Leprechauns Need to Return

The Celtics have had their share of misery the past three decades. Had Tiny Archibald not suffered an injury in the 1982 playoffs the Celtics could have conceivably won five straight titles. Of course Larry’s Bird’s back and Cedric Maxwell’s knee betrayed them in 1985.

The Celtics misery continued with the tragic deaths of Len Bias and Reggie Lewis, which aged and derailed the proud franchise as the late 1980s turned into the bleak wasteland of the 1990s.

1 Nov 2000:  Head Coach Rick Pitino of the Boston Celtics  argues a call during the Celtics'' game against the Detroit Pistons at the Fleet Center in Boston, Massachusetts.
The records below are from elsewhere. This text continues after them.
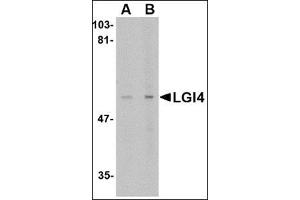 The leucine-rich, glioma inactivated gene 4 (LGI4) is a member of the LGI family in which LGI1 is the exemplar. The LGI family consists of four of highly related proteins containing leucine-rich repeats (LRRs) which are highly similar to other transmembrane signaling molecules and receptors. LGI1 has been identified as a candidate tumor suppressor gene for glioma and plays a role in autodominant lateral temporal epilepsy (ADTLE), an epileptic syndrome characterized by focal seizures with predominant auditory symptoms. Despite its high homology with LGI1 and similar pattern of expression, mutations in LGI4 have not been found to be associated with ADTLE. However, the LGI4 gene is located in a region linked to benign familial infantile convulsions. Further study revealed that a GC-to-AT polymorphism was correlated with childhood absence epilepsy. Other studies showed that decreasing LGI4 expression in cultured cells inhibits myelination, indicating that LGI4 may play a role in neural development. Two isoforms of LGI4 are known to exist.Synonyms: LGI1-like protein 3, LGI4, LGIL3, Leucine-rich glioma-inactivated protein 4, Leucine-rich repeat LGI family member 4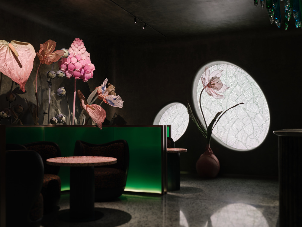 '이상한 나라의 앨리스'라는 이야기에서는 모자장수와 손님들이 정원에서 애프터눈 티를 마시고 있는 모습이 대기 공간이라는 개념에 힘을 실어준다. 손님의 감각은 이미 연극에 몰입되어 있다. 마사지 공간의 흔들리는 반딧불은 매혹적인 꽃들의 더 깊은 미로로 안내한다. 그라데이션 조명은 동굴의 무대 스포트라이트가 된다. 불규칙한 거울은 다시 한번 꿈같은 세계의 환상적인 느낌을 반영한다.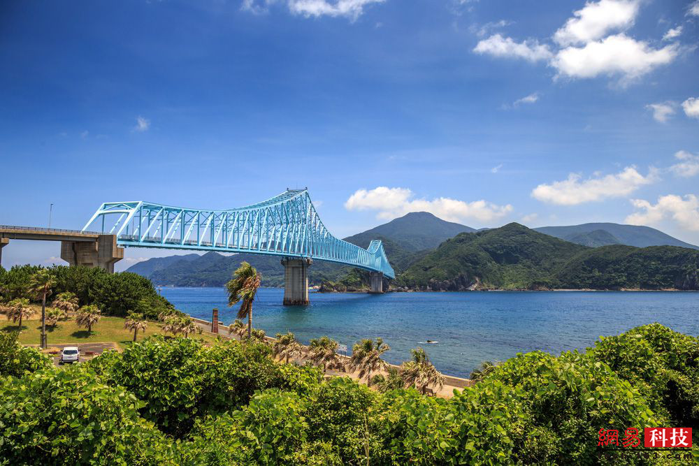 日本的Ikitsuki桥是世界最长的连续钢桁粱桥,长度超过1300英尺(约396米)。这座全钢铁结构的桥梁被喷涂成养眼的淡蓝色,它将风景迷人的Ikitsuku岛与相邻岛屿平户岛连接到一起。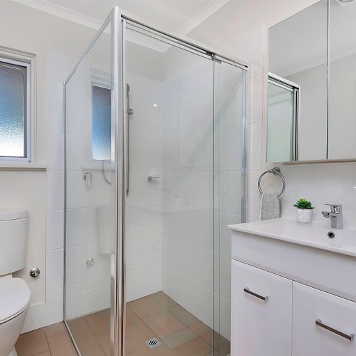 - Bathroom with large shower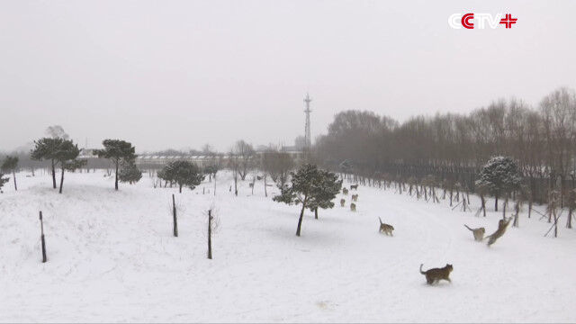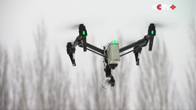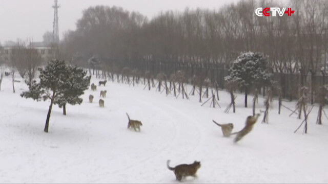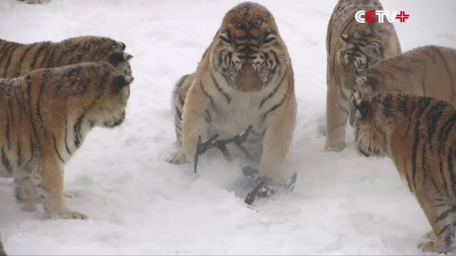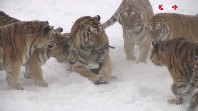 中国、黒竜江省の希少動物保護施設で、飼育されているシベリアトラたちを撮影するドローン。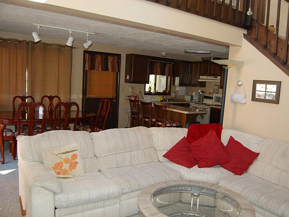 Country, charming chalet home. Open Floor plan with brick fireplace and cathedral ceiling..Huge family room for lots of fun. Screened in-porch.With 4 bedrooms and 3 baths there is enough space for family and friends. Great condition and very meticulous. Come take a look!A wonderful lake retreat.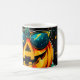 Un vaisseau spatial décalé Jack-o-lanterne portant des lunettes de soleil, mélangeant des vibes d'Halloween avec une touche cosmique cool.
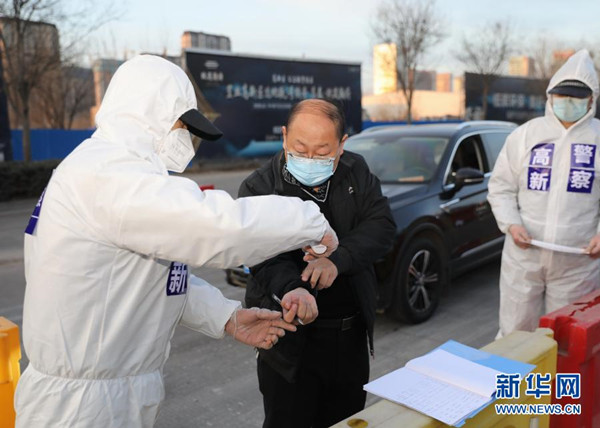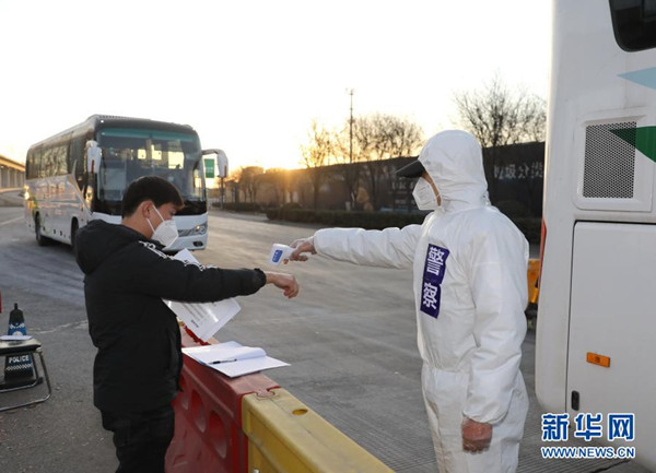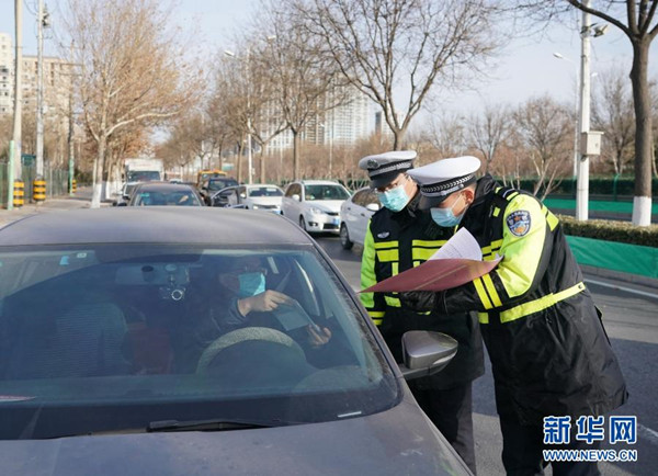 1月10日,石家莊市公安局裕華區(qū)交通警察大隊(duì)民警檢查外出車倆和人員的證件?!?/span>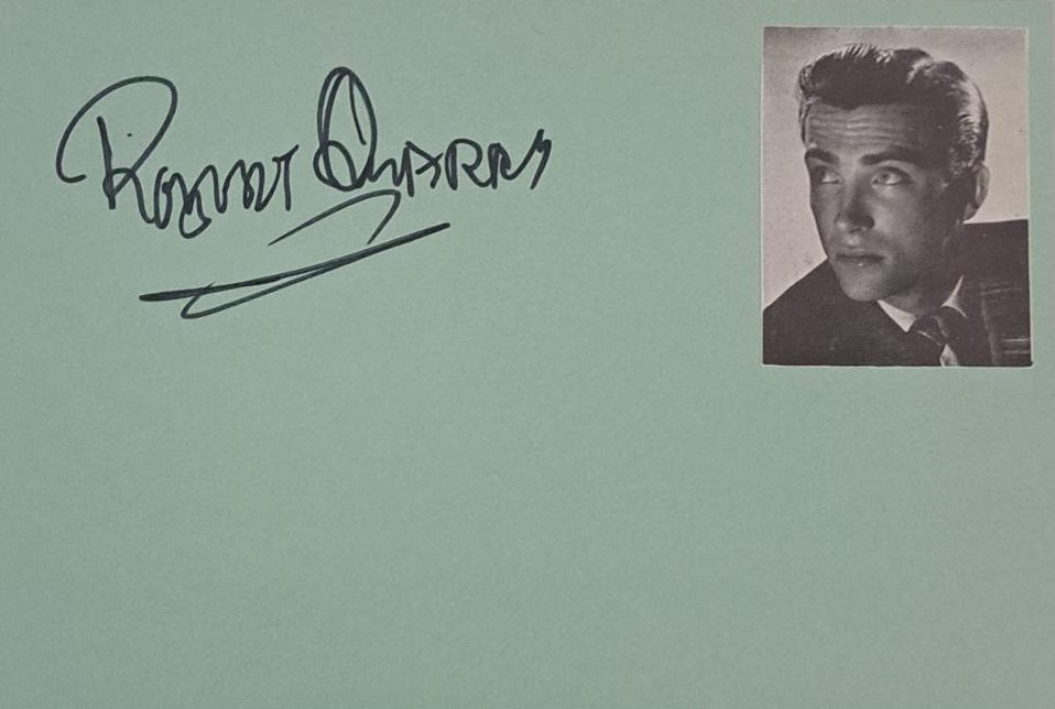 Tough to find vintage black felt-tip pen signature on a 4x6-inch light green card, acquired in-person by unstoppable autograph hound John Virzi in the 1980s and decorated with a small magazine image. In good condition. Actor Robert Quarry was a stalwart of B-grade horror movies, many of them cult classics, including the title role in Count Yorga, Vampire (1970) and The Return of Count Yorga (1971), and Dr. Phibes Rises Again (1972).

The Celtics won 103-83. DIGITAL IMAGE Mandatory Credit: Ezra Shaw/ALLSPORT NOTE TO
Ezra Shaw/Getty Images

Even a 15-67 record in 1996-97 and two lottery picks could not land No. 1 pick Tim Duncan. The curse of tanking proved to be the Rick Pitino era, all the better forgotten for shamrock wearing fans in Beantown.

Even the Kevin Durant and Greg Oden draft of 2007 left the Celtics smoldering with a counterfeit pick. Mercifully, Minnesota general manager Kevin McHale dealt the Celtics a younger, motivated Kevin Garnett and a gift-wrapped NBA title.

So there are no guarantees just 14 games into the regular season. Uncertainty clouds the Celtics and their attempts to win games. Does it really pay off to win? Is losing indeed the formula for rebuilding the franchise?

It’s a long season until ping pong balls start hopping.